Interview with Prof. Karim Lekadir, Director of the ‘Artificial Intelligence in Medicine Lab’ at the Universitat de Barcelona (BCN-AIM). He co-authored a study for the European Parliament’s Panel on the Future of Science and Technology (STOA) entitled ‘Artificial Intelligence in healthcare: Applications, risks, ethical and societal impacts’ which he will present on 11 February 2022 at the STOA online workshop ‘Ethical issues in Covid-19 pandemic: The case of digital health applications’.
What is artificial intelligence (AI)?
A general definition of AI is any set of computer programs able to mimic or even surpass human intelligence. For instance, machine learning aims to perform certain tasks learning from examples. Machine learning is closely linked to big data, because the more data is available, the better the algorithms can learn to perform the tasks in question.
What are the most useful applications of AI for medicine?
In medicine, an AI system trained on clinical data might help to diagnose diseases earlier or to produce an individually recommended course of treatment based on past examples of medical diagnoses, treatments, patient follow-ups and outcomes.
Another promising application concerns the processing of complex data such as medical images. Some key information in medical images can go undetected because of small, undiscernible signals that a radiologist cannot easily see with the naked eye. However, an AI algorithm could be trained to better identify these signals and assist radiologists in making more accurate diagnoses. Moreover, AI could be used in healthcare administration and patient triage – prioritisation of medical care–personnel/resource allocation, and process organisation. Finally, AI could be the basis for home-based healthcare programs for self-management of medication/exercise needs, acting as a link between clinicians and patients.
Looking to the future, where do you imagine we might find AI in a hospital?
AI has already made a big impact in medical imaging; where it could serve to automatically identify the organs or lesions of interest, which would save a lot of time for the clinicians. For more complex tasks such as diagnosis or treatment recommendation, more work is required to validate emerging AI solutions and to demonstrate their clinical safety. Furthermore, for the AI tools to be adequately used in future healthcare, clinicians will require training and skills in AI. As Curtis Langlotz, Professor of Radiology at Stanford University puts it: “Artificial intelligence will not replace radiologists … but radiologists who use AI will replace radiologists who don’t.”
What are the potential risks of AI use in medicine?
First of all, the lack of clinical safety. Medical AI may make mistakes, which can harm the patient, due to problems with the data quality, differences in the clinical environment (very different patients in different hospitals), or human error (lack of proper training to use AI).
Second, there are ethical concerns such as potential discrimination against minorities and other population groups. AI outputs can be biased if the data source is itself biased with respect to ethnicity, sex, or other factors. In some cases, AI algorithms have been found to be more accurate for white patients than for black patients or for male patients than female patients, due to imbalance in the training data. However, researchers are currently working on solutions to compensate for such biases in the training data and to obtain AI tools that treat equally all patients independently of their sex, gender, age, or ethnicity.
Third, accountability in medical AI is complicated because there are so many actors involved. When AI misbehaves or the output is incorrect, who is responsible for the error? The clinician, the hospital, the AI manufacturer, the developers? This is currently unclear and that’s why transparency and traceability are so important in medical AI, to provide continuous information on how the AI tool is designed, developed, validated, and used in day-to-day practice.
Fourth, there are also privacy and security concerns. AI is prone to cyberattacks which could either affect their normal functioning or compromise data protection. That’s why it is important to build more robust computer systems and increase the layers of protection of AI tools.

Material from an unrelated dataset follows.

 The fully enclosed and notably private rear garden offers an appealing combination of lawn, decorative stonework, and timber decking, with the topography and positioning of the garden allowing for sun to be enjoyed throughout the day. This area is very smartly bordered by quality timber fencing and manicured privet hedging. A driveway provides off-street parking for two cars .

Finally, lack of acceptance and trust is an important risk. Even if the performance of an AI system is high, reliable, secure, and unbiased, it may still not be accepted because clinicians and patients do not understand or trust the new AI technology. In this respect, increasing education on AI for both clinicians and the public, as well as involving them as stakeholders throughout the whole development process might increase AI acceptability and applicability.

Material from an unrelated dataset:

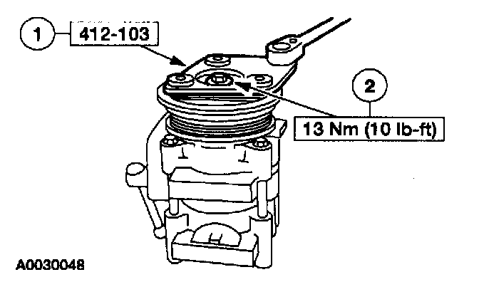 CAUTION: Do not use air tools. The A/C compressor clutch field coil can be easily damaged.

We need to be aware of the risks associated with AI and put in place the right solutions and processes to minimise their implications for the patients and healthcare systems.

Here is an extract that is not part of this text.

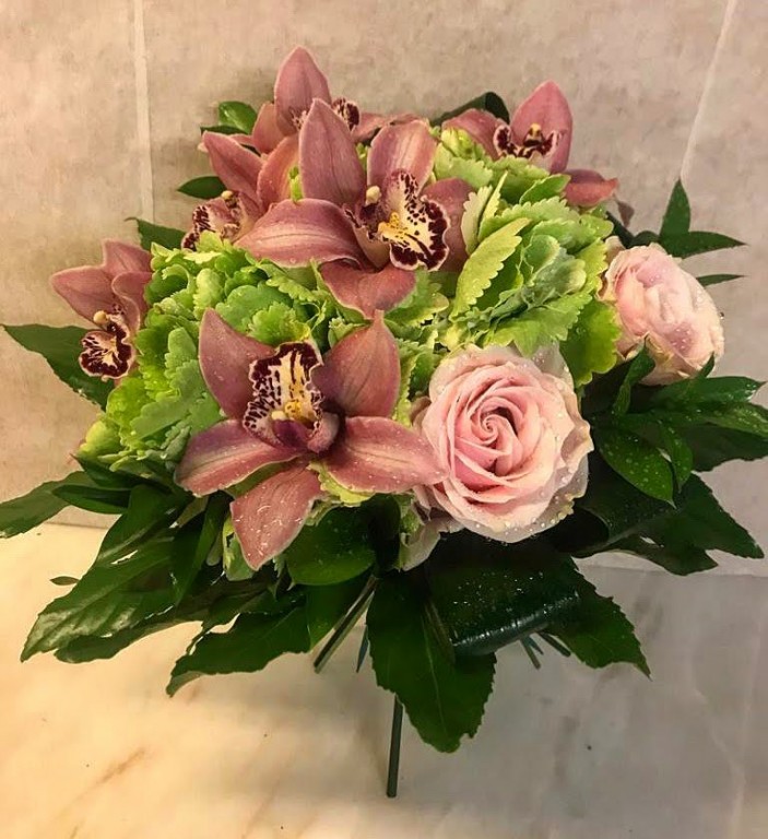 Bouquet composto por rosas, orquideas, hortenses, folhas variadas. Qualquer flor indisponivel, será substituída por outra similar ou de valor identico.

How inaccurate is the public perception of AI as human-like robots?
Robotics is an important part of AI, including in healthcare, where AI-driven robots are being developed to assist vulnerable patients at home or help surgeons perform complex surgeries. However, this does not mean that fully autonomous robots will dominate future medical practice. Future AI will help, facilitate, and speed certain processes, but will not fully replace humans in the near future.